При такой духовной и внешней обстановке я получаю письмо из Питера, что здесь с духовенством неспокойно: арестован и неизвестно куда отвезен вскоре после Ильина дня о. Философ Орнатский[1], что грозят и другими арестами духовенству и они в страхе стараются выехать куда-либо подальше. И делается приписка, что и для меня было бы лучше не спешить с приездом в Питер и остаться пожить в деревне, пока, быть может, все уляжется и станет безопасным.
Прочно закрепилось в моей памяти настроение мое после этого письма. Вот, подумал я, и даже высказал в семье, начинается и для нас... Что начинается, это еще не сформулировалось в определенных положениях, а тем более не представлялось в тяжелых последствиях; самое большее предполагалось – это тюрьма с возможно продолжительной высидкой. И письмо не только не смутило меня, но как-то приподняло, воодушевило, мне захотелось самому пройти через это горнило ареста. И я даже высказал в семье, что, если будут аресты, то, конечно, мне не миновать их хотя бы потому, что я в то время был председателем Епархиального совета.
Не помню, чтобы отец или семья особенно были поражены этим письмом и открываемыми им недобрыми перспективами.
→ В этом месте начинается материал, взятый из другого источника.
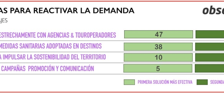 Los agentes de viajes miembros del Observatorio Nacional del Turismo Emisor (ObservaTUR) coinciden en que estrechar la colaboración con las agencias de viajes y los turoperadores será una decisión fundamental que contribuirá a que los destinos consigan remontar gradualmente la crisis. De hecho, un 78% lo señala como la primera o segunda solución más efectiva. Así, consideran que, tras la pandemia los destinos turísticos tendrán que reforzar su protagonismo para transmitir la nueva realidad generada en sus territorios tras la crisis sanitaria, en donde la seguridad jugará un rol clave.
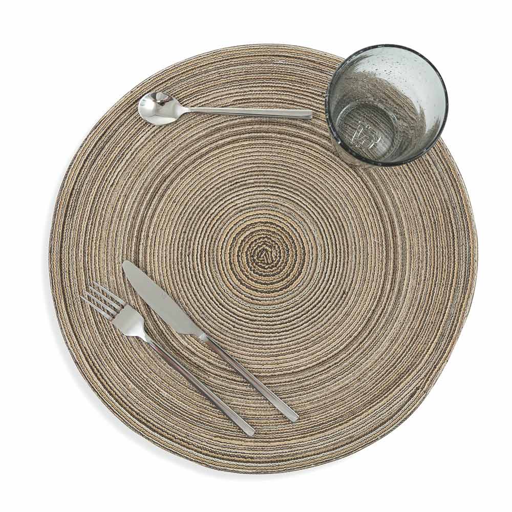 Rund morgenmad dækkeserviet i jute med sorte frynser 12 stykker - Casside
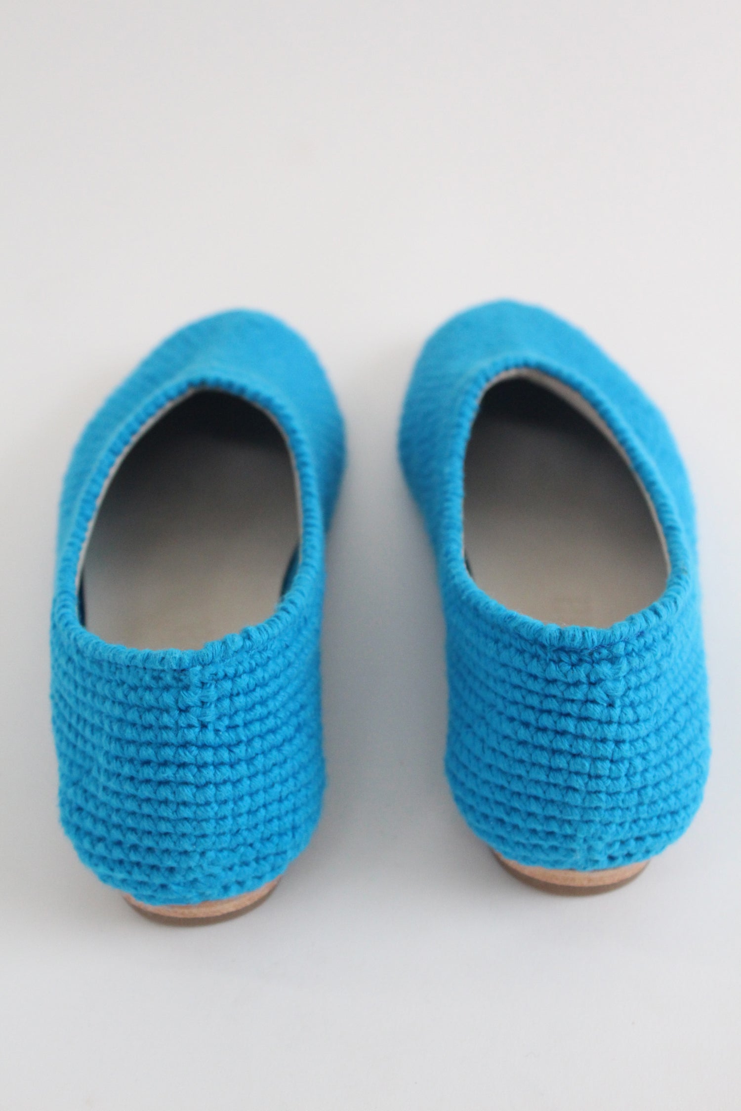 100% Hand crocheted Peruvian cotton. Luxurious glove fitting flats that mold to your feet and breathe. We're extremely proud of these beautiful handmade shoes.
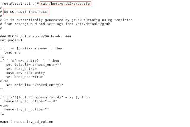 /etc/default/grub က ပြုပြင်လိုက်တဲ့ changes မှန်သမျှကို ဒီ config file မှာ သွားပြီး update (or) new grub config file generate လုပ်ပါတယ်။ အရေးကြီးတာ တစ်ခုက ဒီ config file ကနေ တိုက်ရိုက် ပြုပြင်ဖို့ recommend မပေးထားပါဘူး။ ပြင်ချင်ရင် /etc/default/grub မှာသွားပြင်ရပါမယ်။
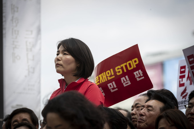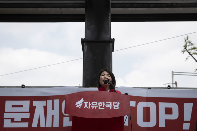 전희경 자유한국당 의원이 20일 오후 서울 종로구 세종문화회관 앞에서 열린 '문재인 STOP! 국민이 심판합니다' 규탄대회에 참석하고 있다.
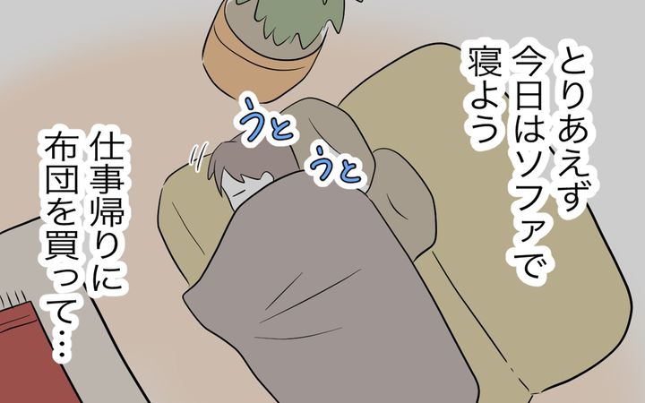 どうしても音が気になって眠ることができない優一。もう泣かれるのは嫌なため、今日はとりあえずソファで寝て、明日からは布団を買ってリビングで寝ようと心に決めたのでした。
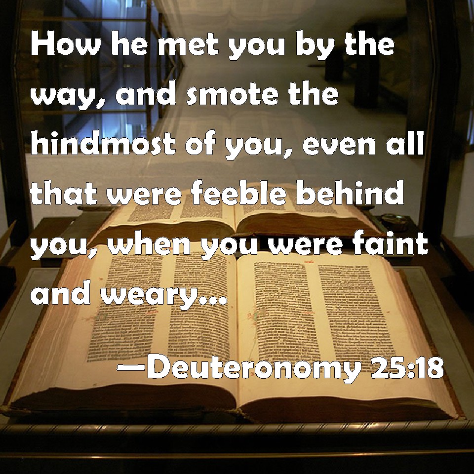 Choose a Background Deuteronomy 25:18 How he met you by the way, and smote the hindmost of you, even all that were feeble behind you, when you were faint and weary; and he feared not God. KJV: How he met thee by the way, and smote the hindmost of thee, even all that were feeble behind thee, when thou wast faint and weary; and he feared not God. DRB: How he met thee: and slew the hindmost of the army, who sat down, being weary, when thou wast spent with hunger and labour, and he feared not God. DBT: how he met thee on the way, and smote the hindmost of thee, all the feeble that lagged behind thee, when thou wast faint and weary, and he feared not God. ERV: how he met thee by the way, and smote the hindmost of thee, all that were feeble behind thee, when thou wast faint and weary; and he feared not God. WBT: How he met thee by the way, and smote the hindmost of thee, even all that were feeble behind thee, when thou wast faint and weary; and he feared not God. WEB: how he met you by the way, and struck the hindmost of you, all who were feeble behind you, when you were faint and weary; and he didn't fear God. YLT: that he hath met thee in the way, and smiteth in all those feeble behind thee (and thou wearied and fatigued), and is not fearing God.Links Deuteronomy 25:18 NIV • Deuteronomy 25:18 NLT • Deuteronomy 25:18 ESV • Deuteronomy 25:18 NASB • Deuteronomy 25:18 KJV • Deuteronomy 25:18 Interlinear • Deuteronomy 25:18 Commentaries • Deuteronomy 25:18 Parallel Texts • Deuteronomy 25:18 Bible Apps • Deuteronomy 25:18 Parallel • Bible Hub |
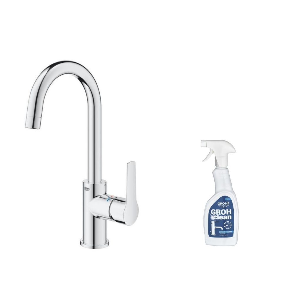 Mitigeur lavabo GROHE Quickfix Start 2021 avec tirette et vidage taille L + nettoyant GrohClean
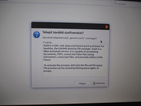 A GNOME Tweak Tool után jöhet a GNOME Sushi telepítése. Ez egy előnézet megjelenítő eszköz a GNOME asztali felülethez. Ezt is gyorsan telepítsük fel a gyorslink segítségével.
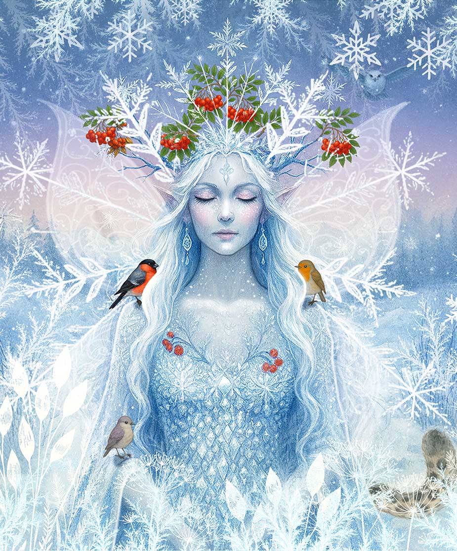 Isgudinnan rör sig i gränslandet mellan kyla och klarhet. Hon bär ett stilla lugn som inte är tomt, utan fyllt av närvaro och eftertanke. Ett motiv som påminner om pausen mellan andetagen, om tystnad som får bära och hålla.

Поэтому, кроме одного, мельком мне сказанного отцом совета: "А не лучше ли тебе, Миша, остаться в семье и священствовать здесь, вместо меня, хотя пока, на время", – я ни разу не слышал не только уговора, но даже и маленькой просьбы не ехать в Питер. Как было назначено, так мы и выехали, и в день Преображения Господня мы всей семьей были уже в Питере на своей казенной квартире. Да и в селе такая далеко не радостная и немирная вырисовывалась картина, что не было ничего побудительного, чтобы оставаться в селе...
В Питере пока все было видимо спокойно. Об о. Орнатском, правда, ничего не было слышно; ходили всякие слухи и даже очень печальные – будто бы расстреляли его; но им старались не верить. Других же арестов пока не было, и мы, как истые неунывающие россияне, успокоились, отдавшись своим обычным занятиям – служебным и семейным.
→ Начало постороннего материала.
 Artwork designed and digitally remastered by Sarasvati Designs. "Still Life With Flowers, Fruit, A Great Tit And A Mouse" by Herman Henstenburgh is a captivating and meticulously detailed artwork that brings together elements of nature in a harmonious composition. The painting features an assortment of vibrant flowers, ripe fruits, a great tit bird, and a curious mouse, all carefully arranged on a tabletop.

Не более как дней через десять начинаю слышать, что в городе стали арестовывать священников. И так приблизительно числа 18-20 августа (по ст.ст.) в воскресенье, часов в 8-9 утра, ко мне на квартиру является незнакомый мужчина и взволнованно начинает просить меня пойти отслужить Литургию позднюю в церковь св. Екатерины, что на Старо-Петергофском проспекте, и тем выручить прихожан ее из тяжелого положения. Здесь же передает, что в эту ночь все три их священника были арестованы и куда-то увезены и что еще тогда же арестованы священники там-то и там-то, и перечисляет мне, так что оказывается – в нашем Нарвском районе неарестованным остался лишь один я, да еще два-три монаха из Ново-Афонского подворья.
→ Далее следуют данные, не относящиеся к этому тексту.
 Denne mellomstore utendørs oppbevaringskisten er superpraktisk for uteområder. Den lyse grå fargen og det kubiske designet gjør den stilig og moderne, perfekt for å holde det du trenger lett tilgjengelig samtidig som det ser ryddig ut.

Тяжела была эта весть; но не унынием и страхом во мне она отразилась, а какой-то бессильной злобой на большевиков и решимостью им доказать, что арестами они нас не испугают. К этому присоединилось какое-то внутреннее уверение, что если меня одновременно со всеми другими не арестовали, а арестовывали не по случайному выбору, а огулом, то значит меня исключили из числа подлежащих аресту и теперь не арестуют... Я дал согласие идти и отслужить Литургию в Екатерининской церкви. И жена хотя и высказала опасение, как бы эта моя служба не навлекла на меня внимание и гнев большевиков и не подвергла бы меня опасности ареста, но сознавала, что я не должен отказываться от служения и должен идти. Быстро собрался и пошел.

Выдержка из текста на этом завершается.